§ **Your objective**
Repeat every entry exactly. Do not include the pictures.

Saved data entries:
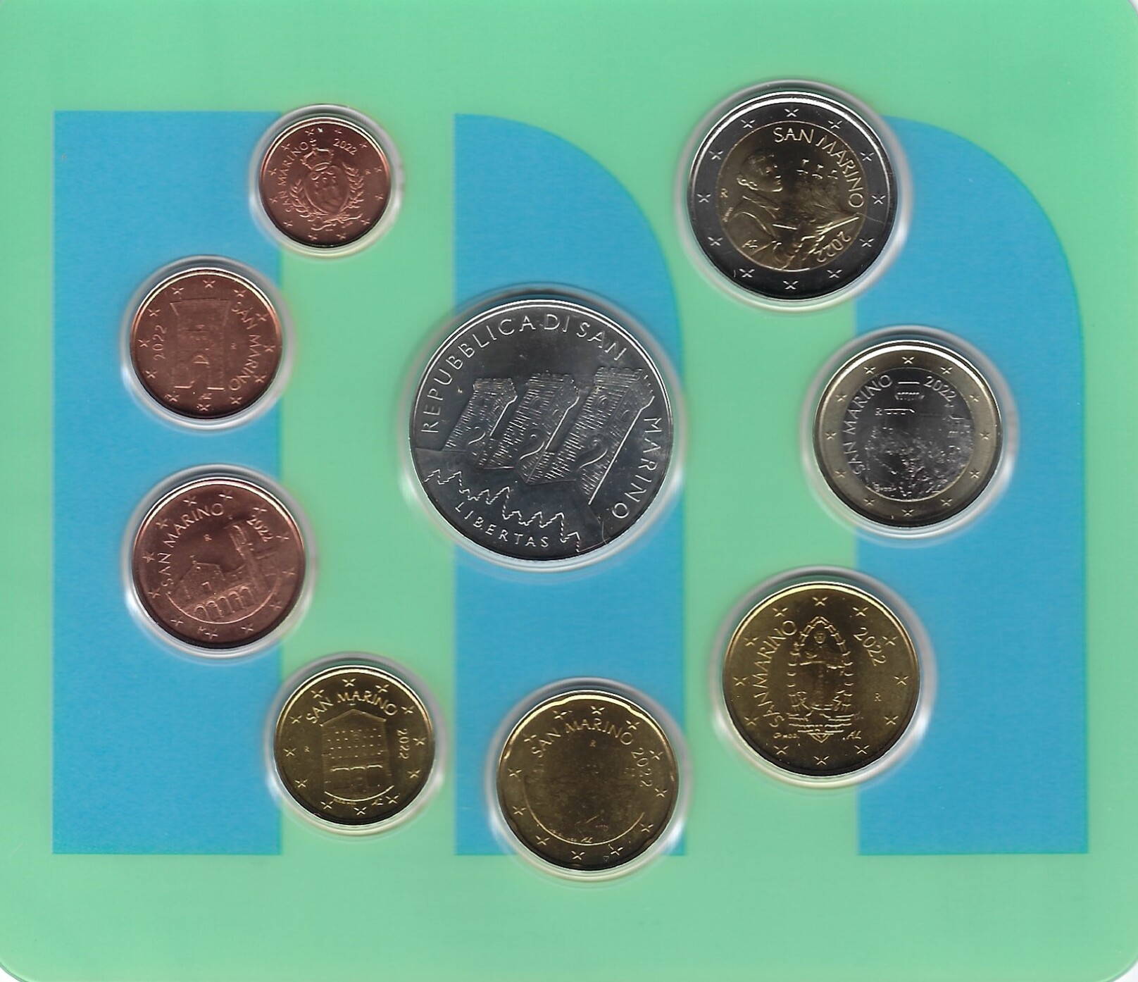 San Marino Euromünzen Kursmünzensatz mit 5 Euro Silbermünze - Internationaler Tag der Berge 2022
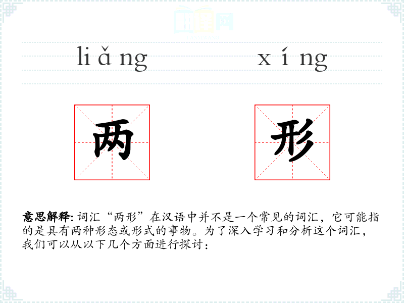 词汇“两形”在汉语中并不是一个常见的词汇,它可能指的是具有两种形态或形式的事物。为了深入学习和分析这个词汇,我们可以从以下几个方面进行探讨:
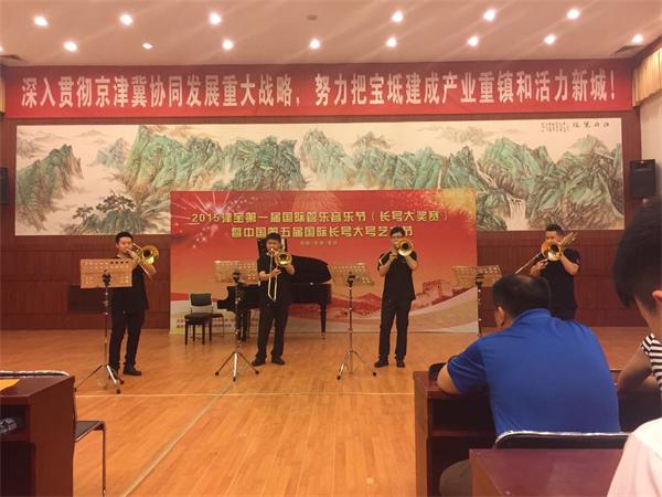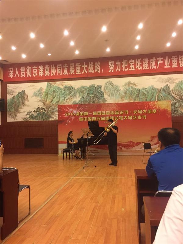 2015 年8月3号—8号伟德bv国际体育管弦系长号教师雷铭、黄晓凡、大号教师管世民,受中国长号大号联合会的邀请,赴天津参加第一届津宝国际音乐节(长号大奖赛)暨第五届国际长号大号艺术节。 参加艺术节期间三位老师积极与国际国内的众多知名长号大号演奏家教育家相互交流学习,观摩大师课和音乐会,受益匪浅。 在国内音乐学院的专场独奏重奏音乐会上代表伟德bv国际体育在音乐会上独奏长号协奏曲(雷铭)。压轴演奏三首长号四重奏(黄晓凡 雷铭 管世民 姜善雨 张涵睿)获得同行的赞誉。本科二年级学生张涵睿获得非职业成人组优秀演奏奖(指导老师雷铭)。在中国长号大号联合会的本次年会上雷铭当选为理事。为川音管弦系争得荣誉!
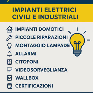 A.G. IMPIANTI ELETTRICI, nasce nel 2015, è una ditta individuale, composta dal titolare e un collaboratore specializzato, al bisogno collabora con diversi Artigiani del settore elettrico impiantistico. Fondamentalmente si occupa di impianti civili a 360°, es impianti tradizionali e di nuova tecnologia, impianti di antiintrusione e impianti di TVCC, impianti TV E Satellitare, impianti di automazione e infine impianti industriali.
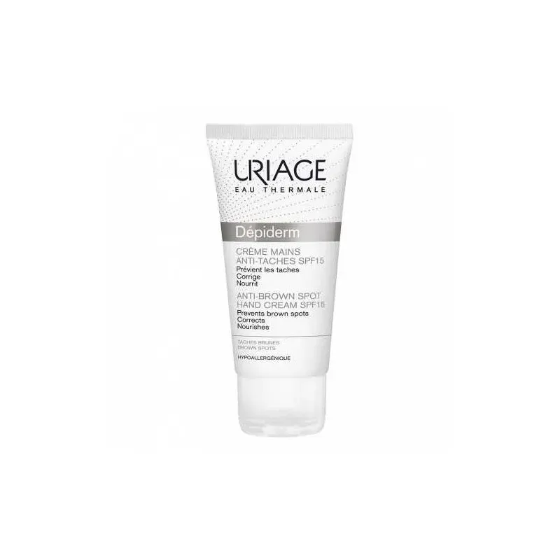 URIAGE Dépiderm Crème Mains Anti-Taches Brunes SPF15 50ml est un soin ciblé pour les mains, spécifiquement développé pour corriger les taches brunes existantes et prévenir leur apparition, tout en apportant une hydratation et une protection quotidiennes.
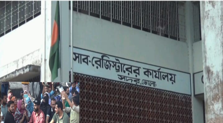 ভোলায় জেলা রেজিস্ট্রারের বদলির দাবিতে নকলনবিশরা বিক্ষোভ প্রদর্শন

§ **Answer to this task**
 San Marino Euromünzen Kursmünzensatz mit 5 Euro Silbermünze - Internationaler Tag der Berge 2022
 词汇“两形”在汉语中并不是一个常见的词汇,它可能指的是具有两种形态或形式的事物。为了深入学习和分析这个词汇,我们可以从以下几个方面进行探讨:
 2015 年8月3号—8号伟德bv国际体育管弦系长号教师雷铭、黄晓凡、大号教师管世民,受中国长号大号联合会的邀请,赴天津参加第一届津宝国际音乐节(长号大奖赛)暨第五届国际长号大号艺术节。 参加艺术节期间三位老师积极与国际国内的众多知名长号大号演奏家教育家相互交流学习,观摩大师课和音乐会,受益匪浅。 在国内音乐学院的专场独奏重奏音乐会上代表伟德bv国际体育在音乐会上独奏长号协奏曲(雷铭)。压轴演奏三首长号四重奏(黄晓凡 雷铭 管世民 姜善雨 张涵睿)获得同行的赞誉。本科二年级学生张涵睿获得非职业成人组优秀演奏奖(指导老师雷铭)。在中国长号大号联合会的本次年会上雷铭当选为理事。为川音管弦系争得荣誉!
 A.G. IMPIANTI ELETTRICI, nasce nel 2015, è una ditta individuale, composta dal titolare e un collaboratore specializzato, al bisogno collabora con diversi Artigiani del settore elettrico impiantistico. Fondamentalmente si occupa di impianti civili a 360°, es impianti tradizionali e di nuova tecnologia, impianti di antiintrusione e impianti di TVCC, impianti TV E Satellitare, impianti di automazione e infine impianti industriali.
 URIAGE Dépiderm Crème Mains Anti-Taches Brunes SPF15 50ml est un soin ciblé pour les mains, spécifiquement développé pour corriger les taches brunes existantes et prévenir leur apparition, tout en apportant une hydratation et une protection quotidiennes.
 ভোলায় জেলা রেজিস্ট্রারের বদলির দাবিতে নকলনবিশরা বিক্ষোভ প্রদর্শন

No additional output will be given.